**Problem description:** This exercise calls for the data below to be retyped exactly, minus any images.

**Given data:**
# # #

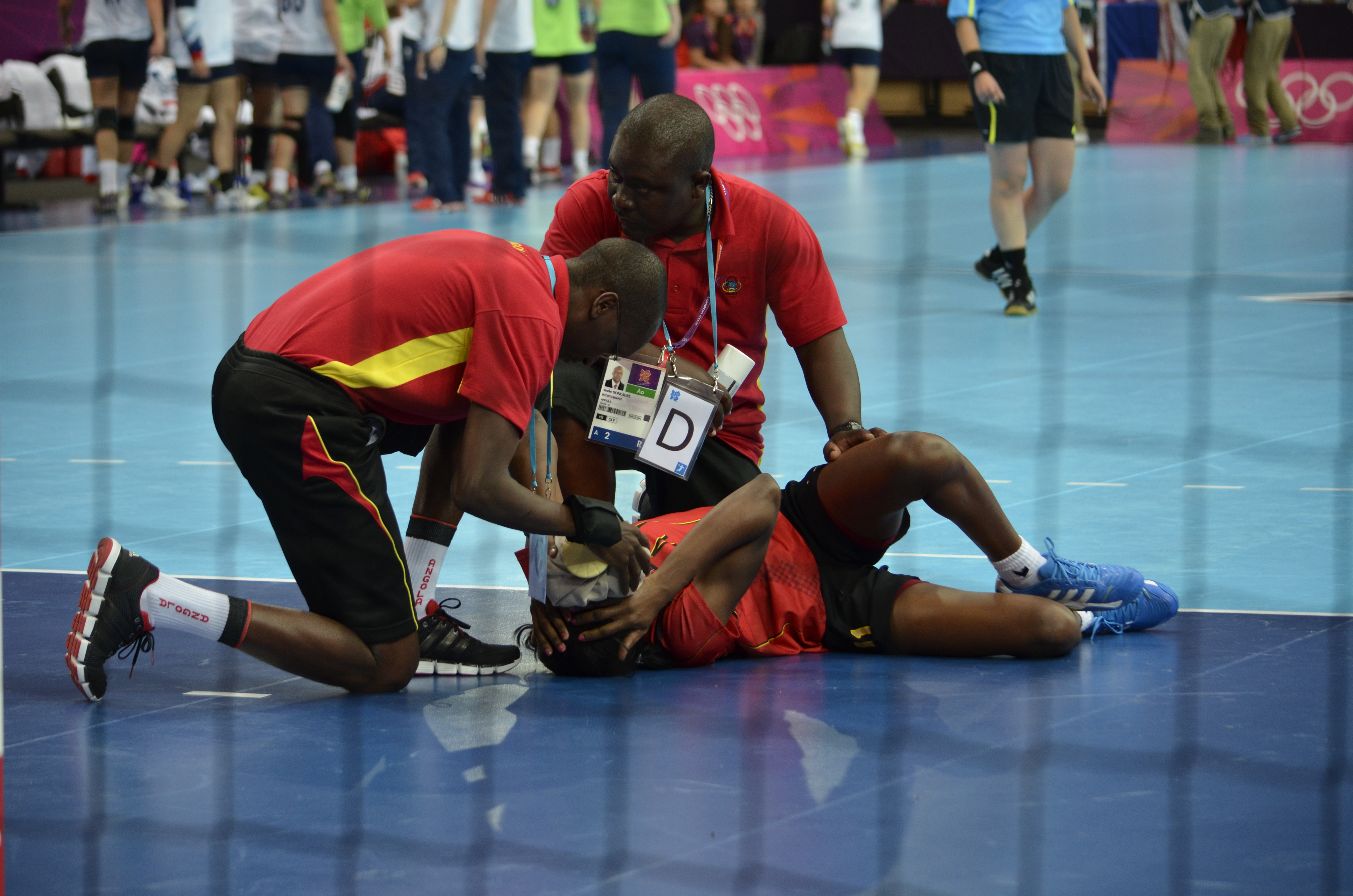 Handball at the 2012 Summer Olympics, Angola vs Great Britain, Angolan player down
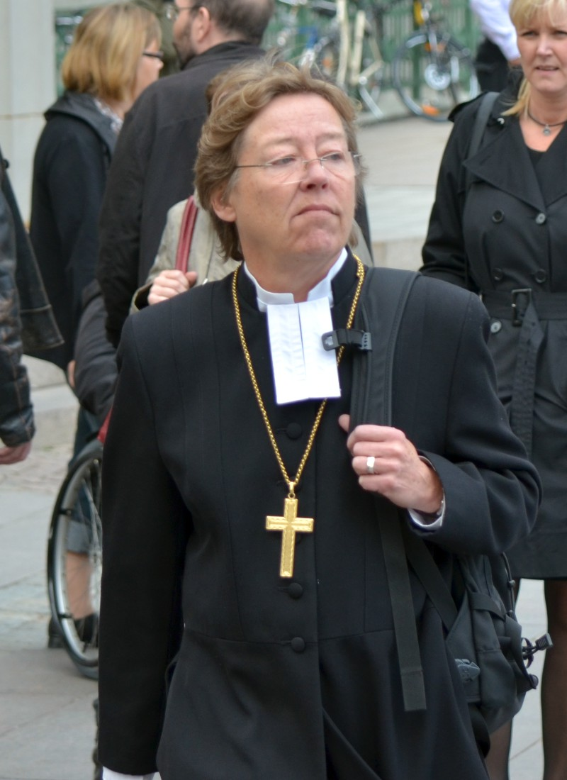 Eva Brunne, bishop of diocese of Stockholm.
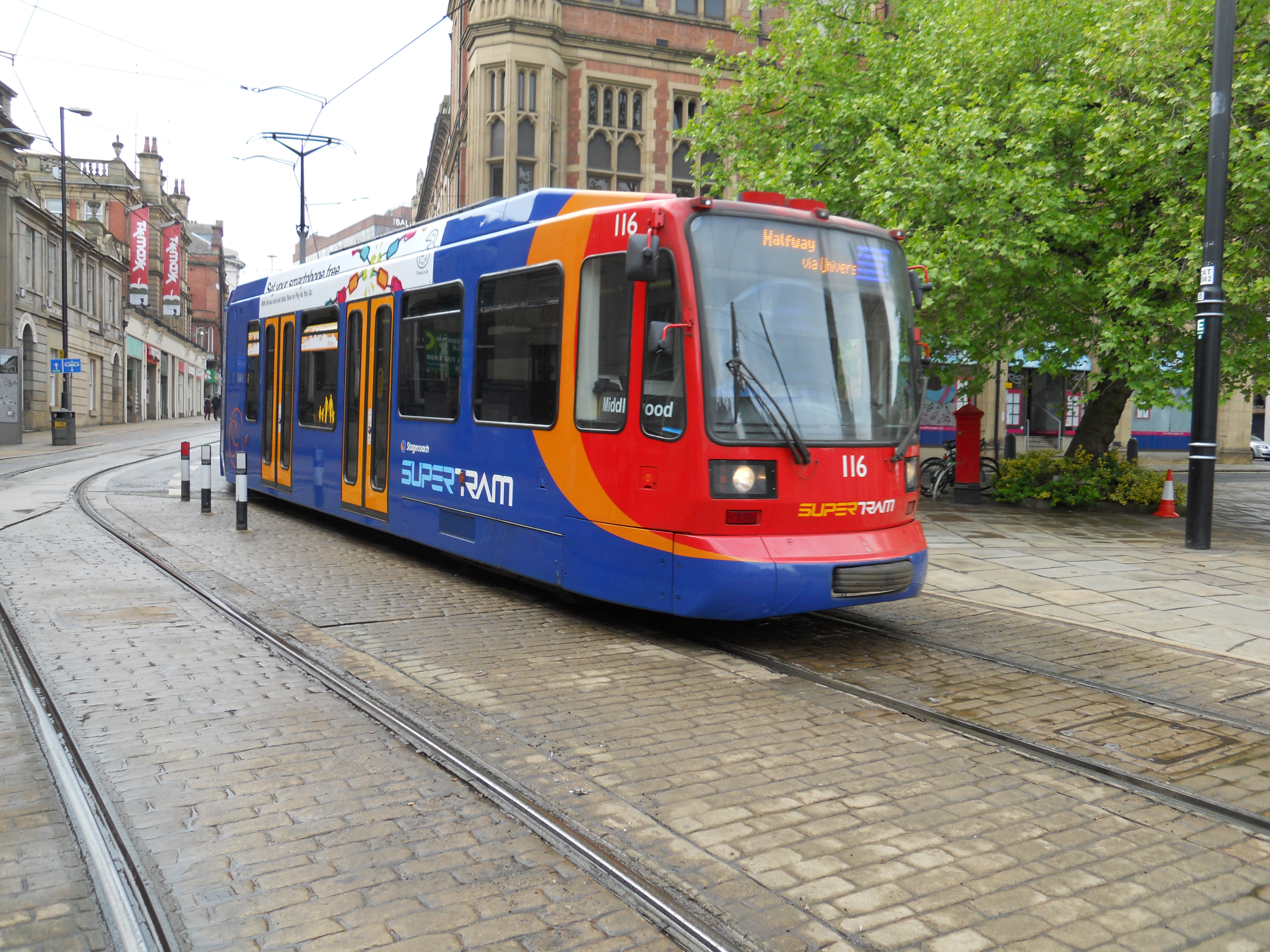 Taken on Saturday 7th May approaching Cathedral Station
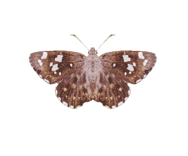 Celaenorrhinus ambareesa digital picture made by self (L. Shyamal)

# # #

**Result of this exercise:**
 Handball at the 2012 Summer Olympics, Angola vs Great Britain, Angolan player down
 Eva Brunne, bishop of diocese of Stockholm.
 Taken on Saturday 7th May approaching Cathedral Station
 Celaenorrhinus ambareesa digital picture made by self (L. Shyamal)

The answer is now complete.